Silent Voices. Anne Cleeves. Macmillan (2011)

An enjoyable and entertaining crime story. When a woman is found murdered in the sauna of a hotel, Detective Inspector Vera Stanhope leads the investigation. The victim was a manager in social services and was connected with a very high profile case where the social worker directly involved in the case had just relocated to the same village where the victim lived. The investigation digs into the connections arising from the case and find that it has threads with the victim that add to the mystery rather than resolve it. The story unfolds very nicely, the reveals are very well staged and the conclusion is sharp and heartfelt.

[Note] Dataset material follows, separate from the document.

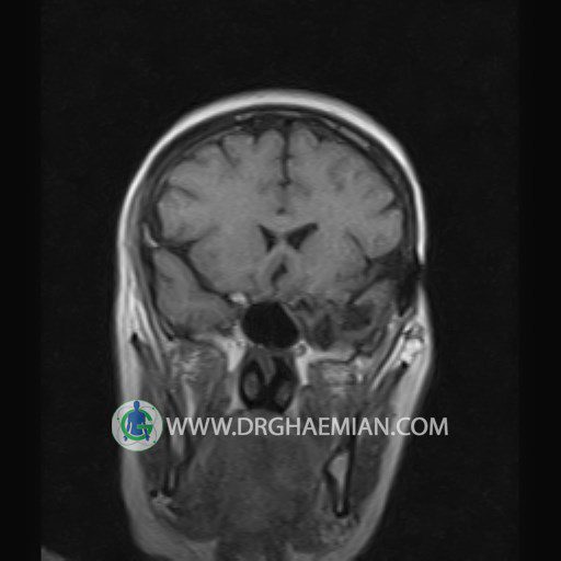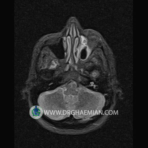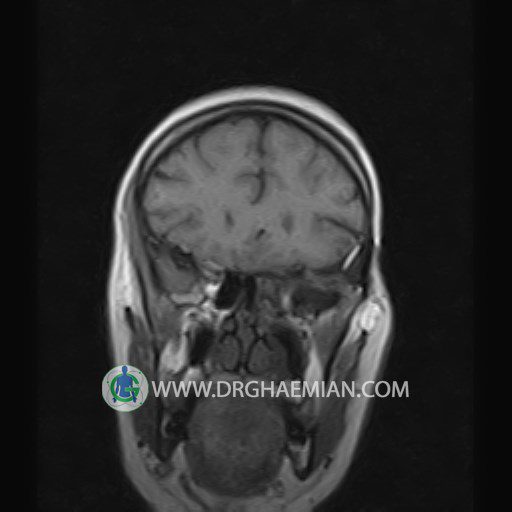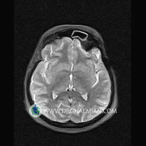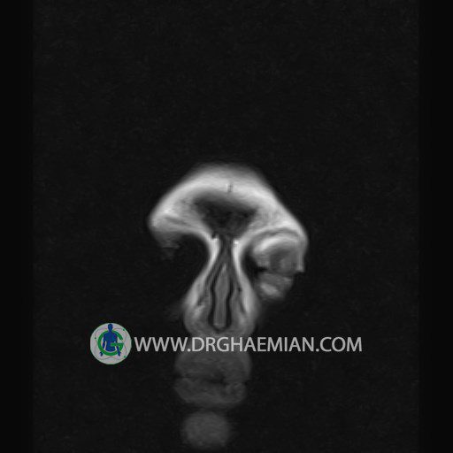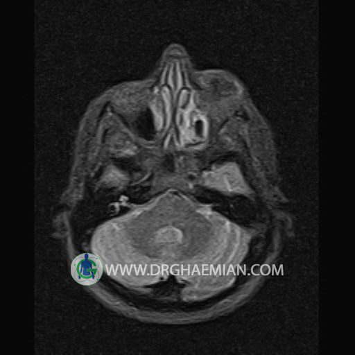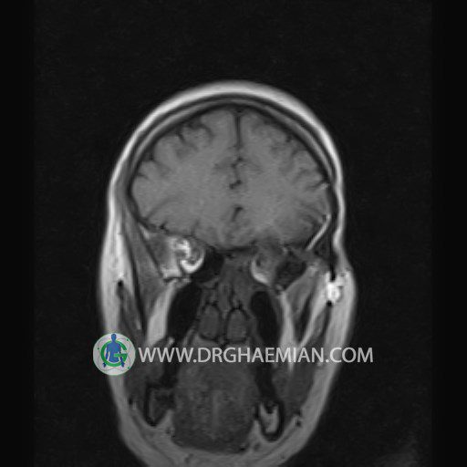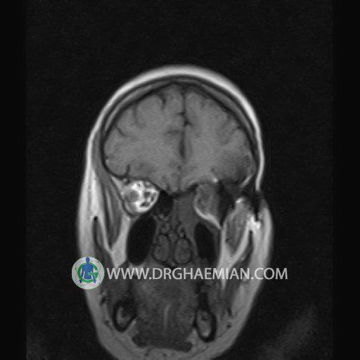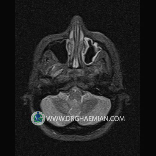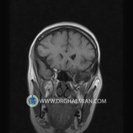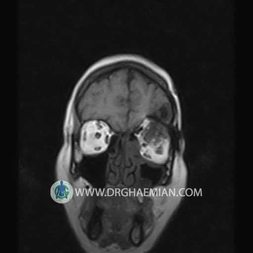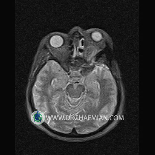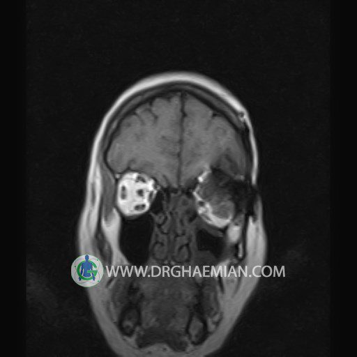 پزشکان اغلب از تصویربرداری ام آر آی برای تشخیص و درمان عارضه های پزشکی که فقط با استفاده از اشعه ایکس یا میدان مغناطیسی و امواج رادیویی قابل مشاهده است، استفاده می کنند. دستگاه ام آر آی تصاویر دقیق از ساختار های داخلی بدن ایجاد می کند. در این کیس پروپتوز (بیرون زدگی چشم)، آتروفی لوب جلویی سمت چپ، علیظ شدن مخاط در سینوس های اتموید و ماگزیلاری چپ جلویی دیده می شود.

Vera Stanhope dominates the book, not to the extend of excluding the rest of the cast, she is the driving force of the story and the investigation, everyone else is essentially pulled along in her wake. Anne Cleeves has developed a character who can take on the task and relish it, Vera Stanhope dominates because that is absolutely who she is. The investigation ignites her, it is the thrill of the hunt that pushes her and that  fierce energy puts her center stage in a very natural way. Ann Cleeves gives Vera Stanhope an almost ridiculous reversal of the physical style and shape of most female leads in crime fiction. She is probably overweight, she has eczema and the drinking and personal habits more frequently associated with lone male counterparts. All of which allow her vibrant, fantastically cantankerous personality shine out all the more, Vera does not have to worry about any aspect of femininity, her looks are never a problem.
The rest of the cast all shine a little less brightly by comparison, none are simply convenient sketches, all of the cast are given care and attention, all given the chance to be themselves. In particular Ann Cleeves has given convincing life to two women who could easily have been shadows, pulled into the life of a tower of selfishness, instead in a nicely understated way both are given voices and hearts of their own that lead them to unexpected directions.
The plot mechanics are excellent, the threads nicely obscure and then pull together to reveal a nasty line of connections and reactions that in turn create their own connections and reactions. The cast outside of the investigation are caught so closely in the plot that they are in danger of just be puppets, Anne Cleeves manages to balance the humanity and the plot effectively enough so that the motives spring from the cast rather that via them.
This is a one woman show, happily the star is more that capable of bringing it off, Vera Stanhope is well worth spending time with.